* [Requirement] The output consists only of the lines from the one with "DV SSL:域名验证(DV" through the end of the records, each printed exactly, and contains no pictures.
--------
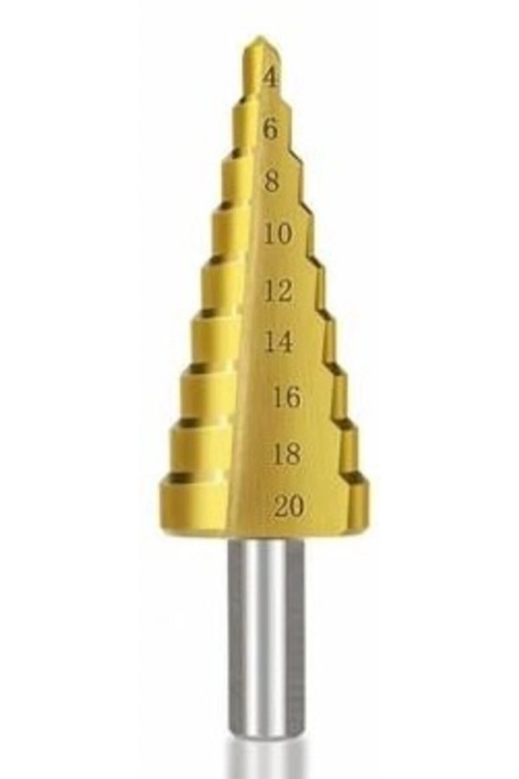Çift yiv sistemi ile çatlamadan kesim. 1. Delgi : 4, 6, 8, 10, 12 mm 2. Delgi : 4, 6, 8, 10, 12, 14, 16, 18, 20 mm 3. Delgi : 4, 6, 8, 10, 12, 14, 16, 18, 20, 22, 24, 26, 28, 30, 32 mm Normal HSS uçlara oranla 6 kata oranla daha dayanıklı kalay kaplama.
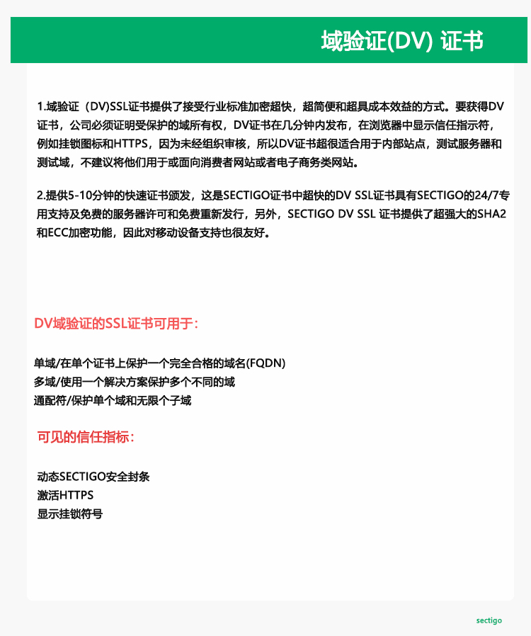 DV SSL:域名验证(DV)证书只需要申请人验证他/她是该域名的所有者。验证只需接收到属于该域的验证申请人拥有使用权域的WHOIS信息或电子邮件地址发送一封电子邮件即可。
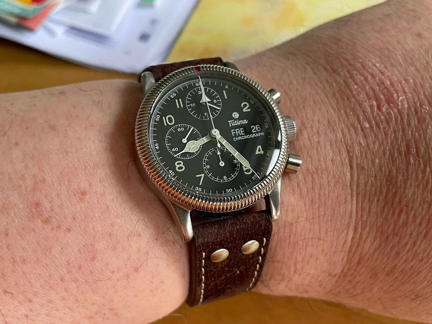 It is years later, when the watch bug bit me hard, that I finally started broadening my horizons. I had developed a passion for a specific watch movement and therefore started collecting Lemania 5100 chronographs. At one point I had 26 of them in my collection, and it is this way that I stumbled upon one of Tutima's most iconic models, their Military Chronograph. This watch had been selected in 1985 as the official issued watch for Luftwaffe pilots, so this was the real deal in my book. So I naturally procured myself one.
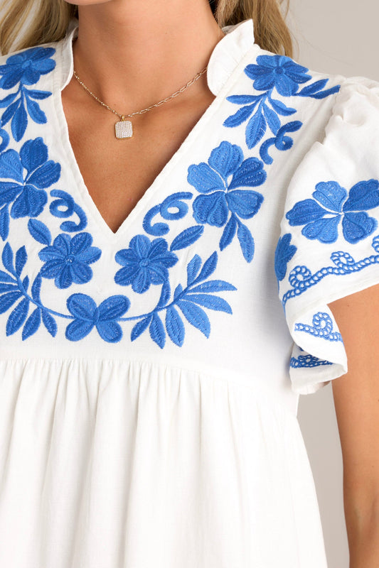 Happy To Be Here Blue Floral Embroidered Eyelet Maxi Dress
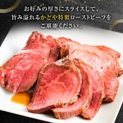 厳選した国産牛モモ肉を使用した上質なローストビーフです。約350g(3~4人前)のブロックをお届け致します。ブロックでのお届けとなりますので、お好みの厚さにスライスして、旨み溢れる「かどや特製」ローストビーフをご堪能ください。
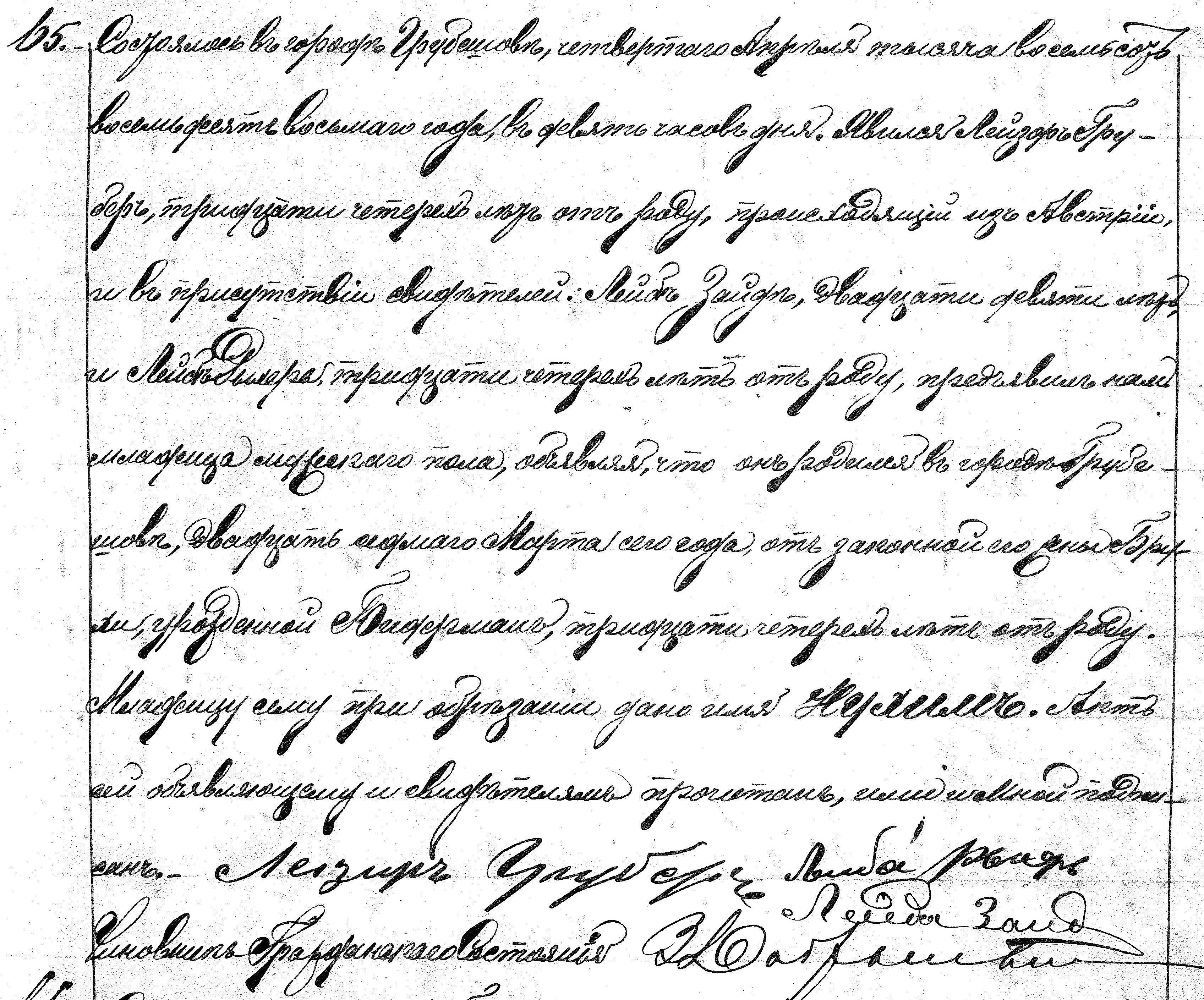 | Gruber | Nukhim | 1888 | unstated place, | Birth certificate |
--------
* [Exercise result]
 DV SSL:域名验证(DV)证书只需要申请人验证他/她是该域名的所有者。验证只需接收到属于该域的验证申请人拥有使用权域的WHOIS信息或电子邮件地址发送一封电子邮件即可。
 It is years later, when the watch bug bit me hard, that I finally started broadening my horizons. I had developed a passion for a specific watch movement and therefore started collecting Lemania 5100 chronographs. At one point I had 26 of them in my collection, and it is this way that I stumbled upon one of Tutima's most iconic models, their Military Chronograph. This watch had been selected in 1985 as the official issued watch for Luftwaffe pilots, so this was the real deal in my book. So I naturally procured myself one.
 Happy To Be Here Blue Floral Embroidered Eyelet Maxi Dress
 厳選した国産牛モモ肉を使用した上質なローストビーフです。約350g(3~4人前)のブロックをお届け致します。ブロックでのお届けとなりますので、お好みの厚さにスライスして、旨み溢れる「かどや特製」ローストビーフをご堪能ください。
 | Gruber | Nukhim | 1888 | unstated place, | Birth certificate |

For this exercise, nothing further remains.